苏梦枕的声音平静下来,平静得像结了厚冰的深湖,其下沉眠着缄默的火焰、冷酷的蔑视:“可有人信方士,好祥瑞,溺信于谗言,忠言直谏被视为聒噪,刚正不阿被斥为不识时务,将白石看作玉、奸佞视为贤臣。这才纵长了险恶,才有了今日,以江湖杀手这等龌龊手段,断贤臣血脉,摧其肝肠。”
“不该是这样的。”
谢怀灵的声音响起,清清泠泠,斩出了苏梦枕话语中沉郁与悲凉。
正因她这一句,苏梦枕定定地看着她,这就是他心中所想,也是他第一次面对谢怀灵的提议,会搁置的缘由:“对,不该是这样。忠良之臣,卫国之士,遭遇不该是这样。”
沉痛与压抑终于找到了一个宣泄口,他甚至不需要她追问,情绪便倾泻而出。在这片灰色的海里,谢怀灵安静地注视他。
人也许就是需要这样的时刻,她似乎理解了他,代替他往下说:“然而楼主也知道,注定要见惯这样的荒唐:时节不济,权力倾轧,奸贤混杂,天子昏庸。又有多少无辜之人,化为一捧黄土,相比之下,贤臣血泪又何以不付之东流?这样的事在江湖上不会少,往后朝堂上也只会更多。人是最贵重的,人也是最轻贱的,这就是时局。
“却也就是这因为这时局,才需要去做些什么。在楼主心中,正因今日之惨状不忍再看,才该记住它,有朝一日,再也不叫它重演。”

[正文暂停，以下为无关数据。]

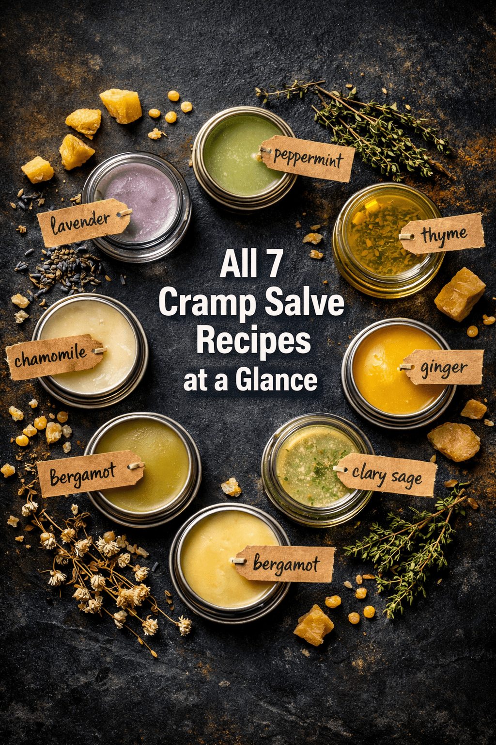 - Core ingredients for any cramp salve: beeswax (or candelilla wax for vegan versions), a carrier oil, and 2–3 targeted essential oils.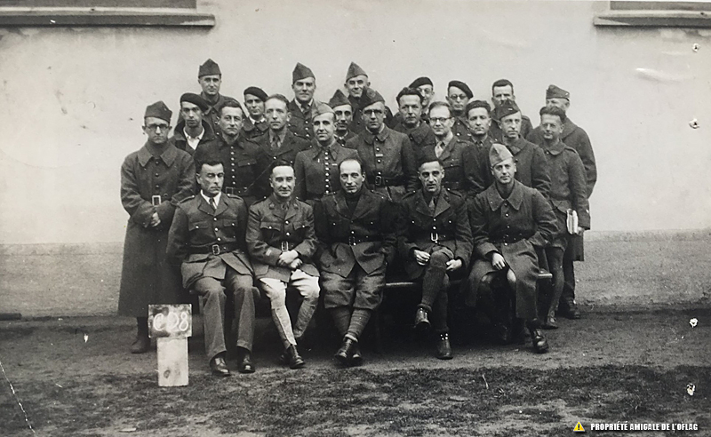 Oflag IIB - Arnswalde: photo of officers, none of whom are identified (one of whom may have served in the 'crew' of the Maginot Line fort 'Bambesch' (Association du fort du Bambesch).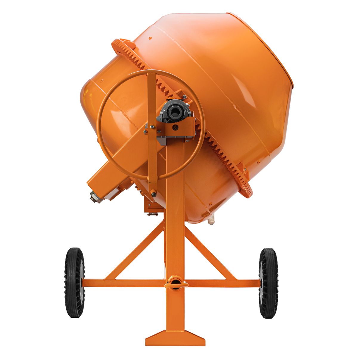 - Устойчивость — металлическая ножка с упором не дает бетоносмесителю опрокинуться во время работы.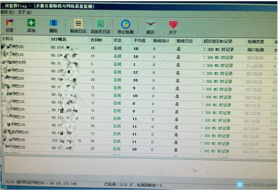 有时候技术不在网吧,网管也说不清哪里有问题,你配置好让他打开此程序,马上告诉你哪里断线。或者针对某台容易出故障的服务器单独进行日志记录监视。也可以在外网批量监视你所有网吧的PING或者是某个服务器端口是否打开。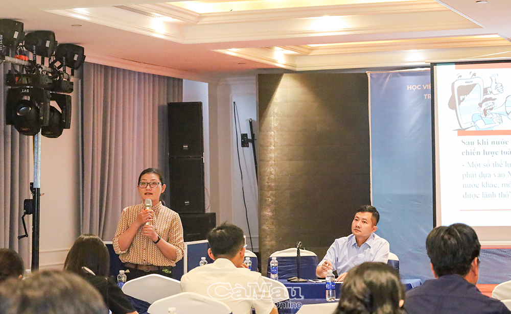 Học viên Nguyễn Thuỳ Trang, Trung tâm Văn hoá, Thể thao và Truyền thông phường Vĩnh Trạch, chia sẻ ý kiến về truyền thông trong công tác ngoại giao.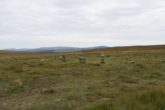 So that’s what those hills look like under sunny skies! My January walk around there was a little wetter. The walk up to Cosdon Hill from the stone circle was one of the longest, coldest, wettest and grim slogs I can ever remember.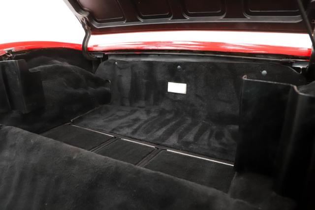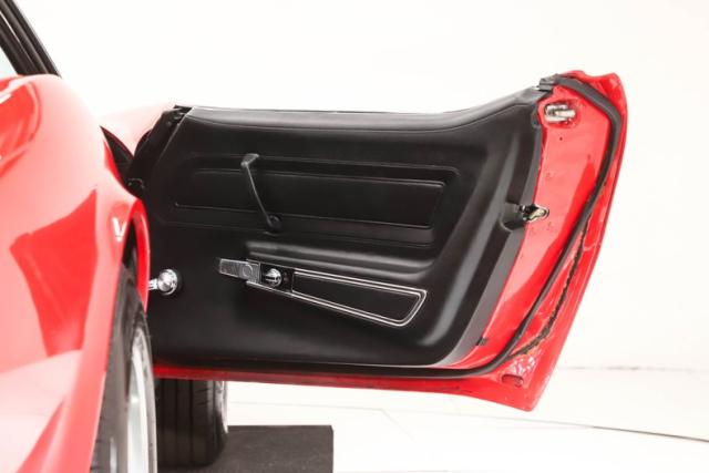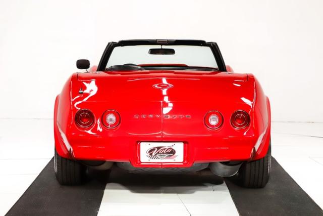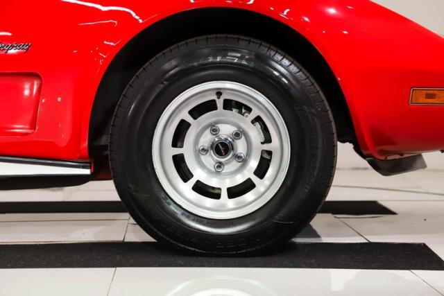 EXTERIOR: This red really pops. This car has been repainted and presents very nicely. It is super vibrant and glossy, there are freckles and touch-ups if you look for them. All the panels are beautifully aligned with nice consistent gaps. The bumpers fit very well and are in excellent shape, this was the only year for the split back bumper. The doors close easily with minimal effort, headlights open and close. The glass appears to be good original. It has been upgraded with a power antenna. The tan convertible top looks great. It is sitting on 15\" Corvette rims wrapped in size 225/70/R15 radial tires.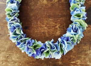 ハワイ語ではポーポーハウと呼ばれるアジサイ。この季節にぜひ作ってみていただきたいレイのひとつです。TIリーフを三つ編みしながらお花を編みこむHAKUスタイルです。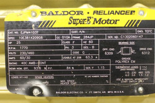 Baldor Super E Motor Hp 60 Frame 364TS Model P36G0374D 230/460V Used 60 day wnty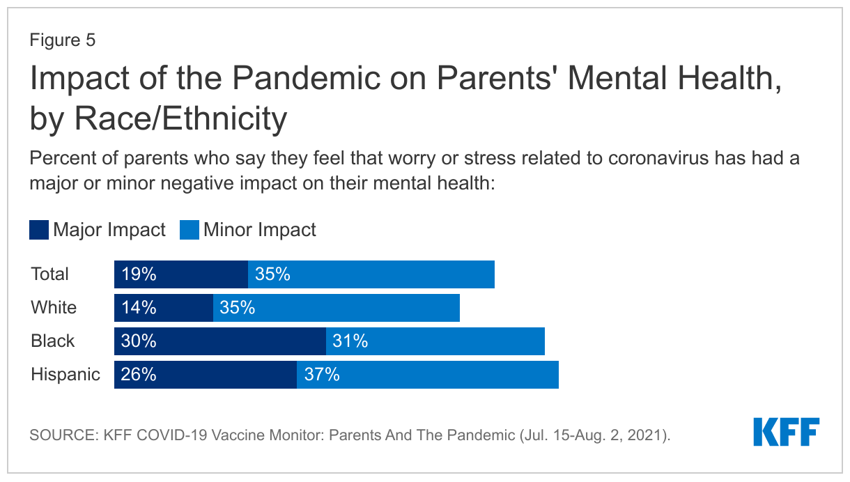 The COVID-19 pandemic has disproportionately impacted people of color in multiple ways that contribute to poor mental health (Figure 5). Compared to their White peers, people of color have experienced higher rates of COVID-19 infection and death and greater financial challenges, including difficulty paying household bills, during the pandemic, which may negatively impact their mental health. KFF COVID-19 Vaccine Monitor Survey data from late 2021 found that at least half of White, Hispanic, and Black adults said the pandemic negatively impacted their mental health. Additional KFF survey data suggests that the mental health of Black and Hispanic parents has been particularly negatively impacted. At least six in ten Black and Hispanic parents say stress related to the pandemic had a negative impact on their mental health compared to less than half of White parents (Figure 5). Further, Black and Asian people have reported negative mental health impacts due to heightened anti-Black and anti-Asian racism and violence during the pandemic.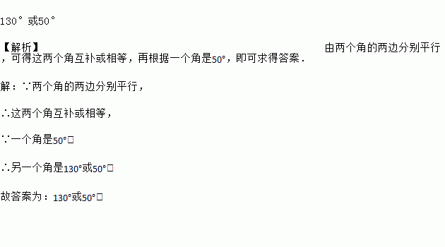 两个角的两边分别平行,一个角是50°,那么另一个角是__________.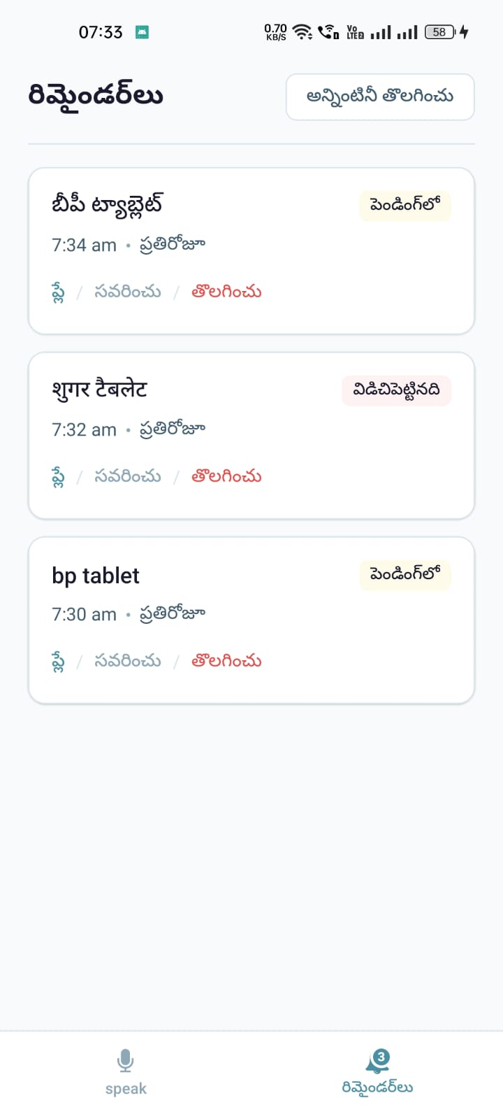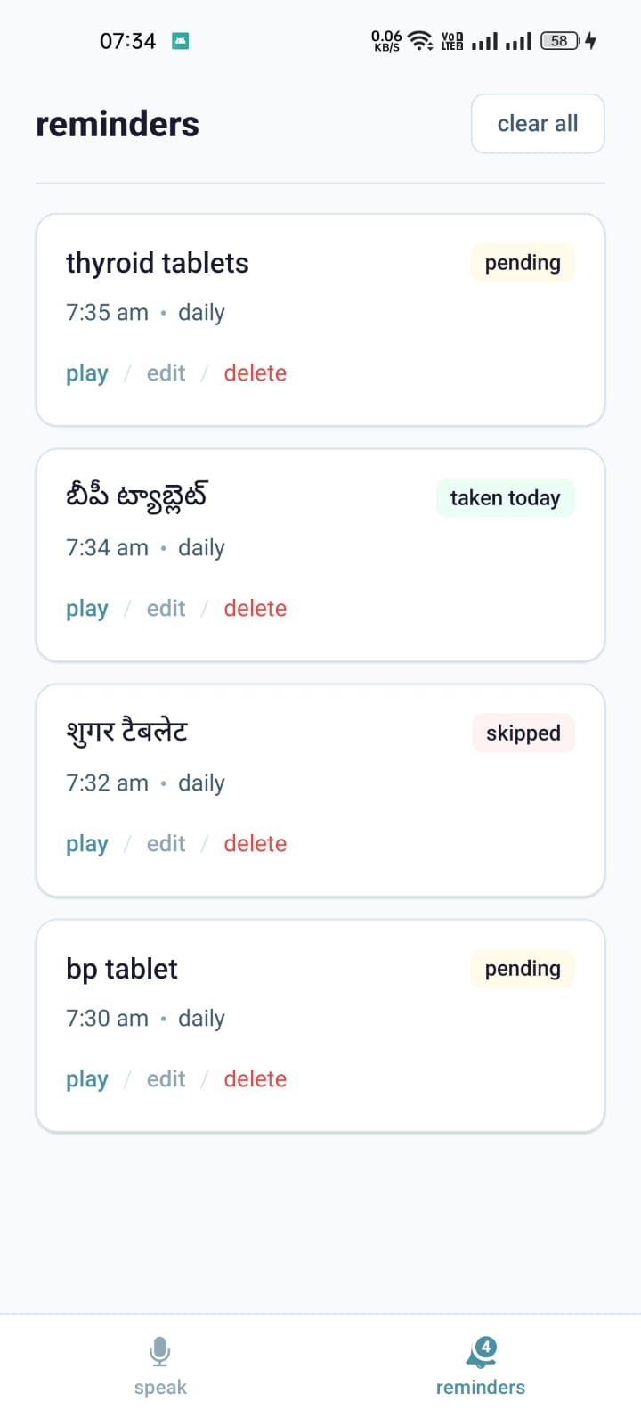 She's been prescribed 3 medicines at different times. She speaks into Yaad in Telugu for each one. The app confirms each reminder back to her in Telugu, and the notifications come in Telugu too. She doesn't need to read English or figure out any settings.

胸腔因情绪的冲击而微微起伏,牵扯着沉珂旧疾,让苏梦枕忍不住掩唇低咳起来。
炭火的噼啪声和他压抑的咳声交织在一起,过了许久,他平复下来,眼神也穿透过了无穷尽的迷雾。苏梦枕也是不会过多犹豫的人,他承受了许多年的痛苦,就不会再被痛苦所耽误:“一字不差。金风细雨楼不能跳上朝堂明处引火烧身,蔡京势大更得天子宠幸,在无法动摇的结果面前,能做的就是等到尘埃落定,再去推算。”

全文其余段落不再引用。